Heparin is not intended for intramuscular use.

Fatal Medication Errors

Do not use Heparin Sodium Injection as a ‘‘catheter lock flush’’ product.  Heparin Sodium Injection is supplied in vials containing various strengths of heparin, including vials that contain a highly concentrated solution of 10,000 units in 1 mL.  Fatal hemorrhages have occurred in pediatric patients due to medication errors in which 1 mL Heparin Sodium Injection vials were confused with 1 mL ‘‘catheter lock flush’’ vials.  Carefully examine all Heparin Sodium Injection vials to confirm the correct vial choice prior to administration of the drug.

Hypersensitivity

Patients with documented hypersensitivity to heparin should be given the drug only in clearly life-threatening situations (see ADVERSE REACTIONS , Hypersensitivity ).

Hemorrhage

Hemorrhage can occur at virtually any site in patients receiving heparin.  An unexplained fall in hematocrit, fall in blood pressure or any other unexplained symptom should lead to serious consideration of a hemorrhagic event.

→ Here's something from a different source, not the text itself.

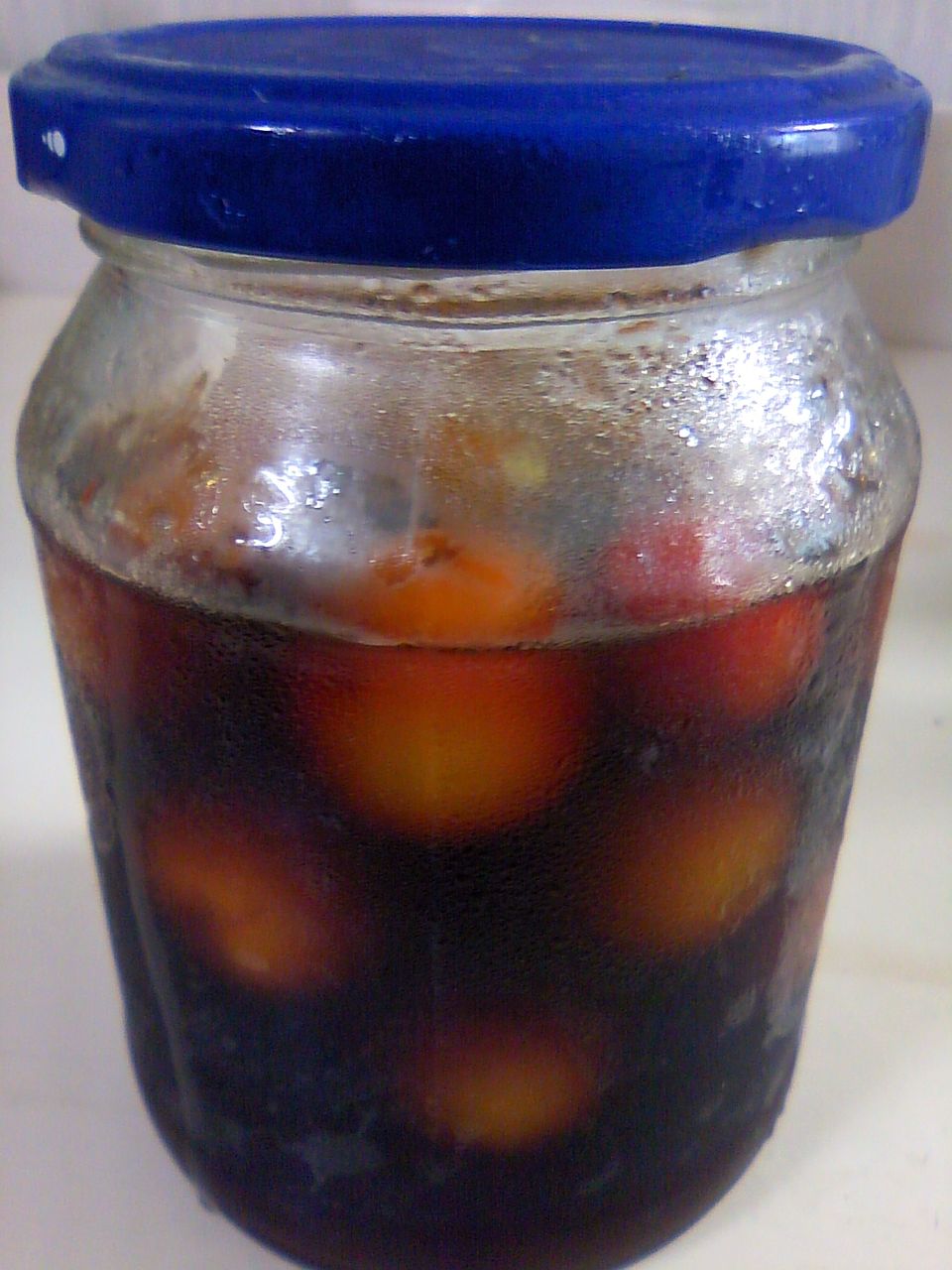 ベランダで作ったプチトマトも黒酢に漬けてみましたの酢、
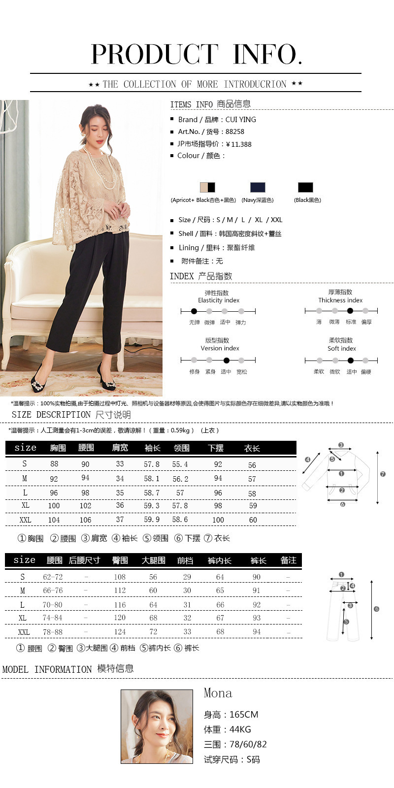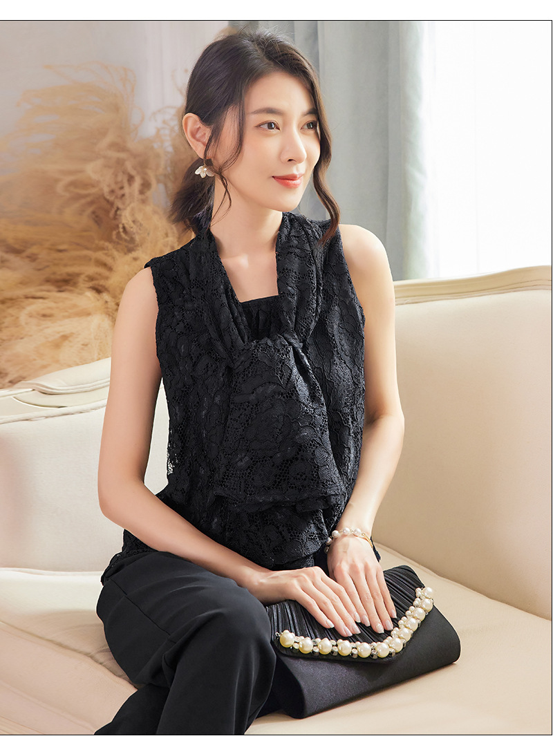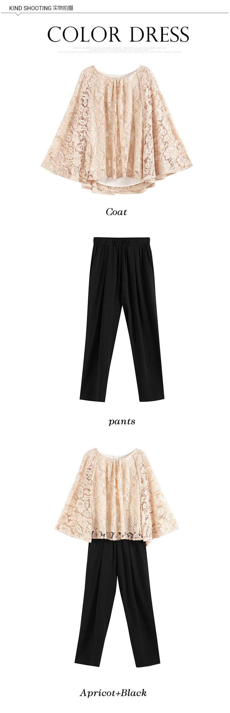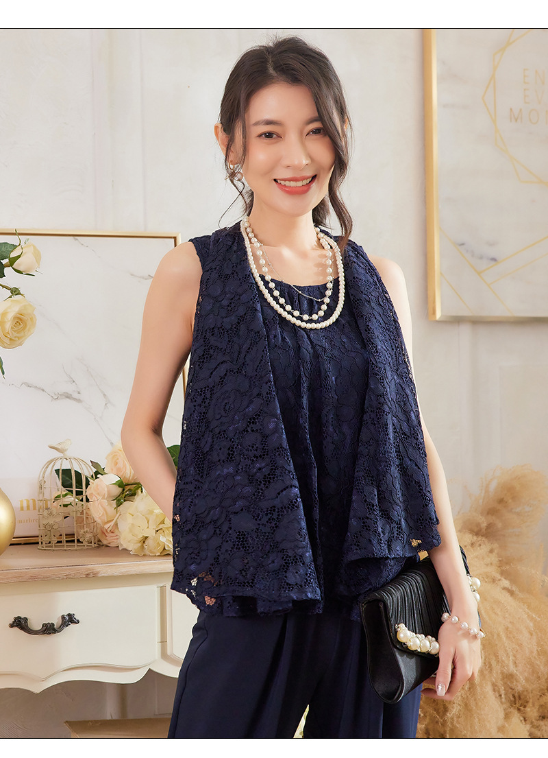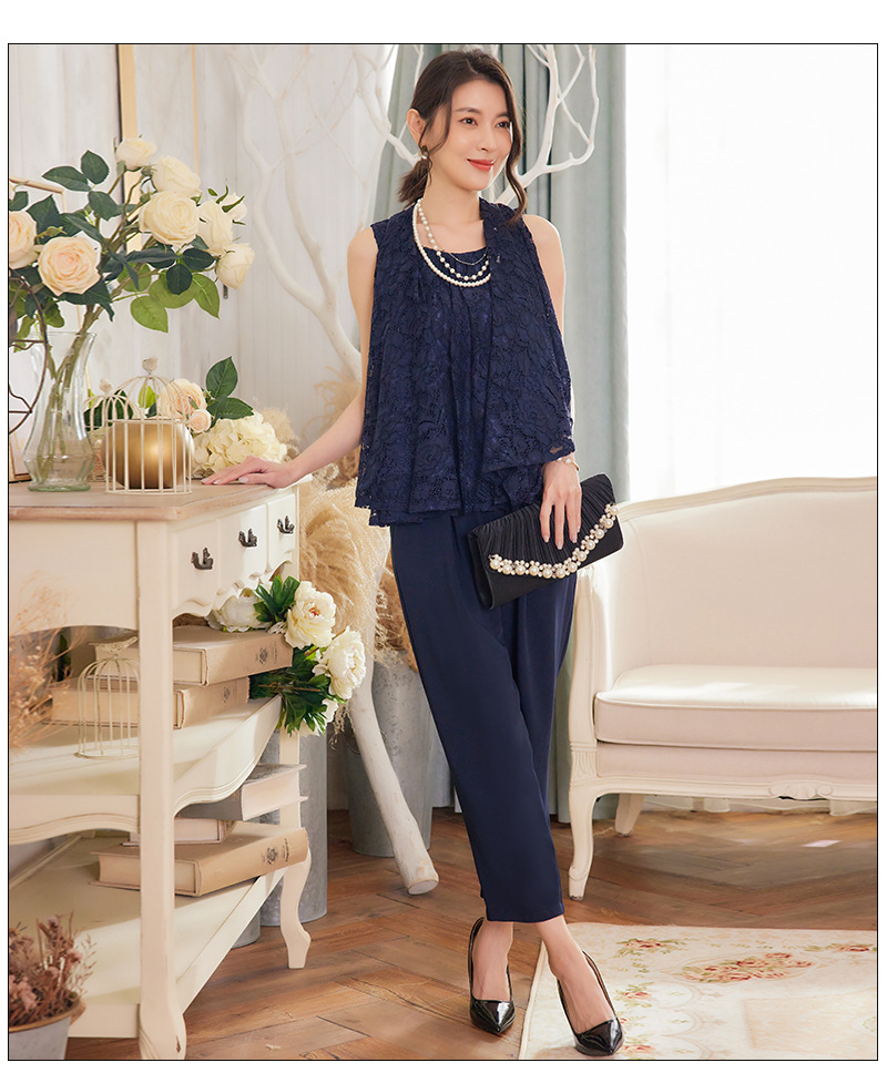 Cui Ying 우아한 통근 레이스 배트윙 슬리브 여성용 투피스 쉬폰 셔츠 발목 길이 바지 Harlan 캐주얼 봄 88258

Heparin sodium should be used with extreme caution in disease states in which there is increased danger of hemorrhage.  Some of the conditions in which increased danger of hemorrhage exists are:

Cardiovascular —Subacute bacterial endocarditis, severe hypertension.

Surgical —During and immediately following (a) spinal tap or spinal anesthesia or (b) major surgery, especially involving the brain, spinal cord, or eye.

Hematologic —Conditions associated with increased bleeding tendencies, such as hemophilia, thrombocytopenia and some vascular purpuras.

Gastrointestinal —Ulcerative lesions and continuous tube drainage of the stomach or small intestine.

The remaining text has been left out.